The National Capital Region Transportation Planning Board (TPB) is updating its Visualize 2045 long-range transportation plan for the metropolitan Washington region. The draft, however, is woefully unbalanced against transit and other forms of multi-modal transportation, including bicycling.

We need to Speak Up! now to improve that balance by devoting more funding to multi-modal transportation, including protected bicycling infrastructure.

Smart growth analysts assess that the plan spends twice as much on highways as on transit and other modes of travel. It only reduces per capita miles of driving a modest 3% by 2045 despite TPB’s own climate study showing the region needs a much larger and quicker reduction in car dependence. Because transportation is the primary source of greenhouse gas emissions, the proposed plan makes no progress in reducing greenhouse gas, one of its claimed goals.

The TPB is the federally designated metropolitan planning organization for metropolitan Washington. It works with local, state, regional, and federal partners to coordinate future plans, provides data and analysis to decision makers, and coordinate regional programs to advance safety, land-use coordination, and more. Visualize 2045, unfortunately, falls short of the board’s own analysis and fails to respond adequately to TPB public survey results and overwhelming public comments demanding climate action and more sustainable and equitable transportation investments.

TPB still has the opportunity to change this plan but won’t unless we Speak Up!

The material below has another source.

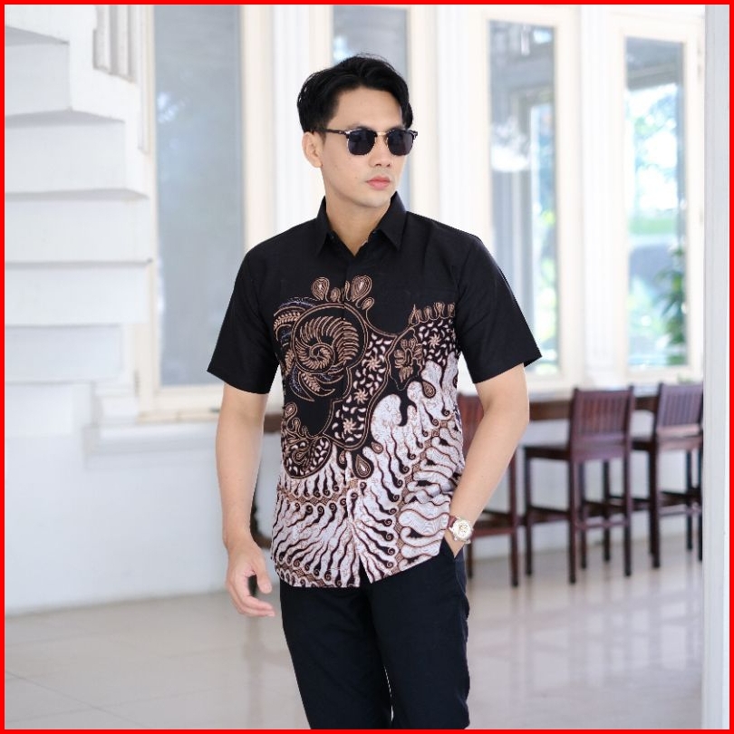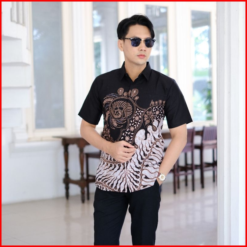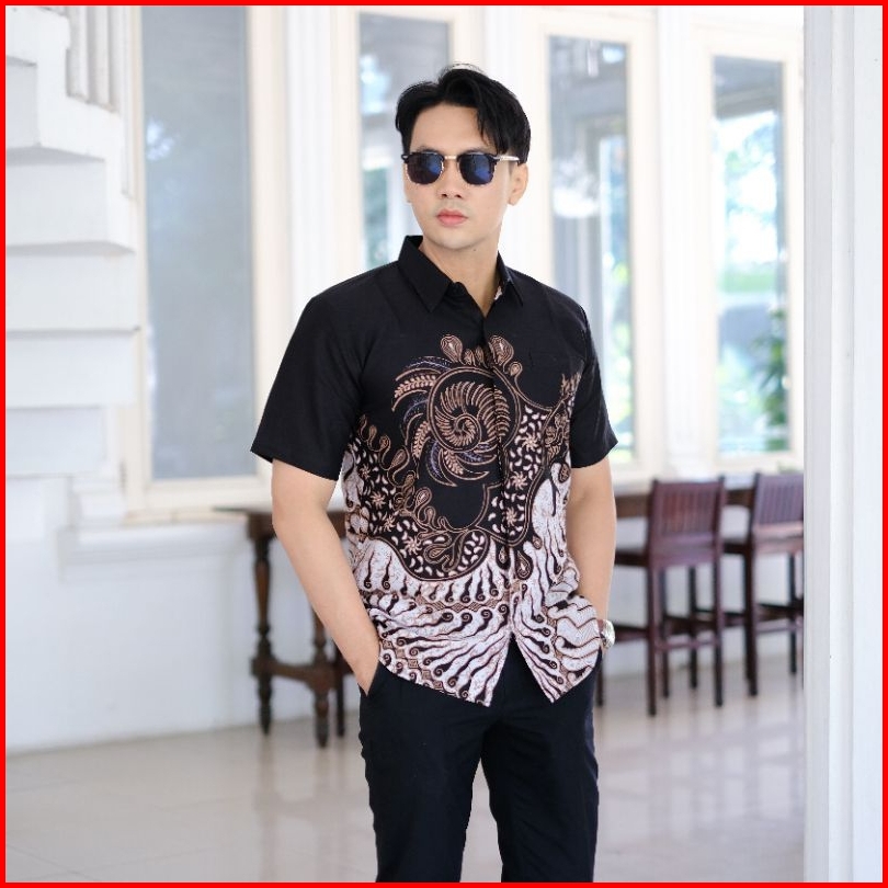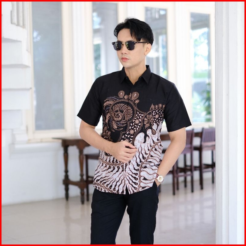 Motif Rangkong Hitam Pendek Kemeja Batik Pria Slimfit Lengan Pendek Baju Batik Pria Hem Batik Pria Jumbo

We need to let the board know that it needs to deemphasize plans for bigger highways that contribute to sprawl, congestion, and pollution and instead increase funding for transit, biking, walking, and robust multimodal transportation networks.

Submit your comments to TPB by Sunday, May 1, 2022 and urge the board to:

  • Prioritize infrastructure spending to shift more travel to transit, biking, and walking.
  • Expand existing and build new trail and shared use path networks and install connected and protect bike lane networks.
  • Set specific, numerical targets for adopting electric vehicles (20 to 25% of vehicles on the road by 2030) and expand bike share networks featuring e-bikes.
  • Alter plans to reduce per capita passenger vehicle miles traveled by 15 to 20% by 2030.
  • Commit to pursue the full slate of strategies that TPB’s own climate study shows are necessary.
  • Adopt a plan that will foster more walkable, transit-oriented communities.